### Data segment
※ ※ ※

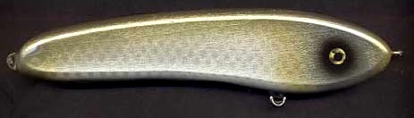 Posts: 4266 | 6 of one, a half dozen of the other. Same thing for Cisco patterns. Everydody thinks blue is part of the Cisco pattern though I have never seen a cisco with any blue in it. The are silver with a flash of gold near the top and sometimes some flash of green. Doesn't matter if they are shad or cisco, you could paint the lure white, pearl or metalic silver and white and add some scales that are just a shade darker and you'd have it. But what fun would that be? I believe that you have to add some color to it so there is some contrast for the fish to key in on as the lure moves. I've got lures that are all white, 90% white and all sorts of tints near the top. Bottom line, the fish doesn't see the top of the lure anyway. Painting it dark makes it hard for you to see when you bring it in, so I always add a patch of silver or gold to the top so I can see the top, not the fish. I don't know about the rest of the lure makers out there, but I have never laid a shad or a cisco on the table and tried to copy it. God made it, I'm not going to be able to copy it. Give me 100 colors and some lure bodies and let me amuse myself. Shad, cisco, perch ............ gotta give them a name, or nobody would know what to call it. Like walleye lures that are brown and yellow....ever see a yellow and brown walleye? Not me. Paint what you want, and call it what you want. Beav Attachments ---------------- Golden-Shiner.jpg (11KB - 152 downloads) | ||
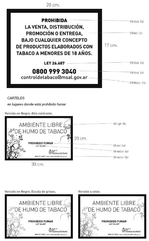 Ley 26.687. 0800 999 3040 controldetabaco@msal.gov.ar” conforme al
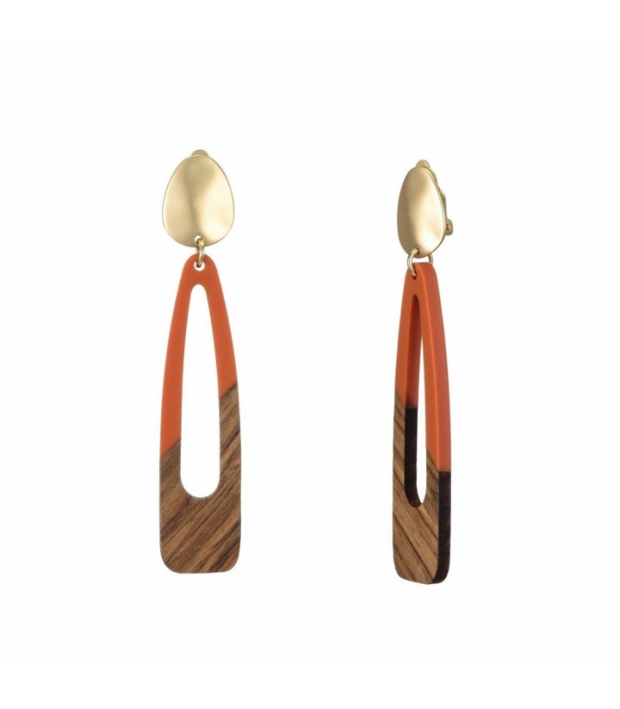 Oorclips met een oranjebruine langwerpige deels houten hanger

※ ※ ※

### Aim of the exercise
Once the pictures are set aside, transcribe the remaining lines above exactly.

### Task solution
 Posts: 4266 | 6 of one, a half dozen of the other. Same thing for Cisco patterns. Everydody thinks blue is part of the Cisco pattern though I have never seen a cisco with any blue in it. The are silver with a flash of gold near the top and sometimes some flash of green. Doesn't matter if they are shad or cisco, you could paint the lure white, pearl or metalic silver and white and add some scales that are just a shade darker and you'd have it. But what fun would that be? I believe that you have to add some color to it so there is some contrast for the fish to key in on as the lure moves. I've got lures that are all white, 90% white and all sorts of tints near the top. Bottom line, the fish doesn't see the top of the lure anyway. Painting it dark makes it hard for you to see when you bring it in, so I always add a patch of silver or gold to the top so I can see the top, not the fish. I don't know about the rest of the lure makers out there, but I have never laid a shad or a cisco on the table and tried to copy it. God made it, I'm not going to be able to copy it. Give me 100 colors and some lure bodies and let me amuse myself. Shad, cisco, perch ............ gotta give them a name, or nobody would know what to call it. Like walleye lures that are brown and yellow....ever see a yellow and brown walleye? Not me. Paint what you want, and call it what you want. Beav Attachments ---------------- Golden-Shiner.jpg (11KB - 152 downloads) | ||
 Ley 26.687. 0800 999 3040 controldetabaco@msal.gov.ar” conforme al
 Oorclips met een oranjebruine langwerpige deels houten hanger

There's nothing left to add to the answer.